**What to work on**:
Restate all the data word for word and omit the pictures.

**Exercise data**:
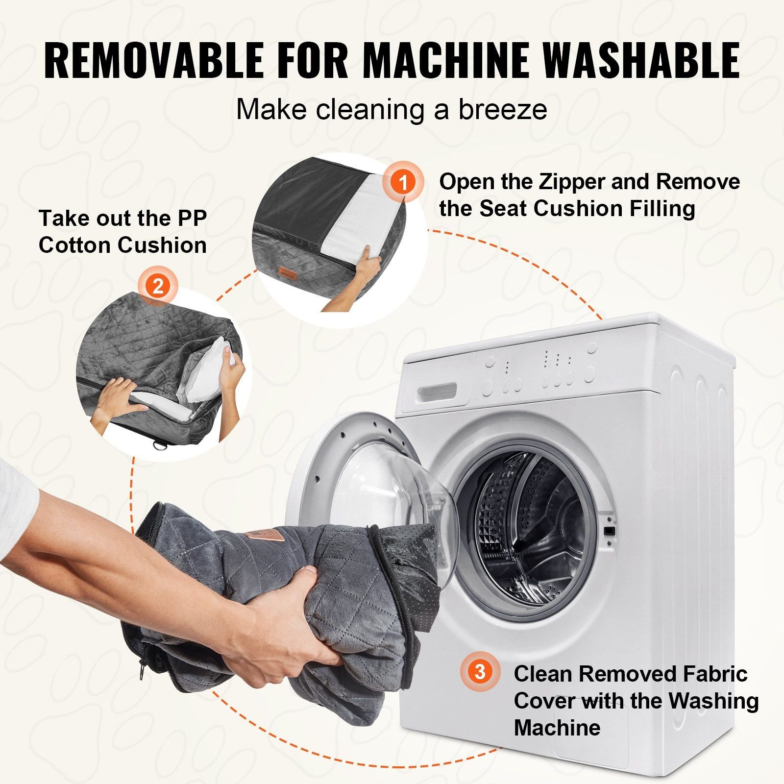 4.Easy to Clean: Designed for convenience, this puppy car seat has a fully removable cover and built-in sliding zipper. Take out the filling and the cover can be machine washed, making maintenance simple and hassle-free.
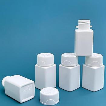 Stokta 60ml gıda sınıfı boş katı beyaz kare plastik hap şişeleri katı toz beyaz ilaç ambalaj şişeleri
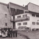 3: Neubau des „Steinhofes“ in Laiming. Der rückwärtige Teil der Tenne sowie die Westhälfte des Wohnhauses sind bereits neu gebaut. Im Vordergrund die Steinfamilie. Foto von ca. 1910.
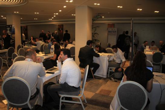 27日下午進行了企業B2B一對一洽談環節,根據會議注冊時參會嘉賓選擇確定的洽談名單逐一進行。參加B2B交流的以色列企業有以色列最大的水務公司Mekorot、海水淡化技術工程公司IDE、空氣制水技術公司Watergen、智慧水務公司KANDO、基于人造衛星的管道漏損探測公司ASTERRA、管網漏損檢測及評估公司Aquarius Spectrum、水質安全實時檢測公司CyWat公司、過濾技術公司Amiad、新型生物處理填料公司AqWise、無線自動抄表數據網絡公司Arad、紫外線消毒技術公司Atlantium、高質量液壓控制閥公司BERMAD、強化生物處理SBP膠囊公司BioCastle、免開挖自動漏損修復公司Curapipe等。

**Result of this task**:
 4.Easy to Clean: Designed for convenience, this puppy car seat has a fully removable cover and built-in sliding zipper. Take out the filling and the cover can be machine washed, making maintenance simple and hassle-free.
 Stokta 60ml gıda sınıfı boş katı beyaz kare plastik hap şişeleri katı toz beyaz ilaç ambalaj şişeleri
 3: Neubau des „Steinhofes“ in Laiming. Der rückwärtige Teil der Tenne sowie die Westhälfte des Wohnhauses sind bereits neu gebaut. Im Vordergrund die Steinfamilie. Foto von ca. 1910.
 27日下午進行了企業B2B一對一洽談環節,根據會議注冊時參會嘉賓選擇確定的洽談名單逐一進行。參加B2B交流的以色列企業有以色列最大的水務公司Mekorot、海水淡化技術工程公司IDE、空氣制水技術公司Watergen、智慧水務公司KANDO、基于人造衛星的管道漏損探測公司ASTERRA、管網漏損檢測及評估公司Aquarius Spectrum、水質安全實時檢測公司CyWat公司、過濾技術公司Amiad、新型生物處理填料公司AqWise、無線自動抄表數據網絡公司Arad、紫外線消毒技術公司Atlantium、高質量液壓控制閥公司BERMAD、強化生物處理SBP膠囊公司BioCastle、免開挖自動漏損修復公司Curapipe等。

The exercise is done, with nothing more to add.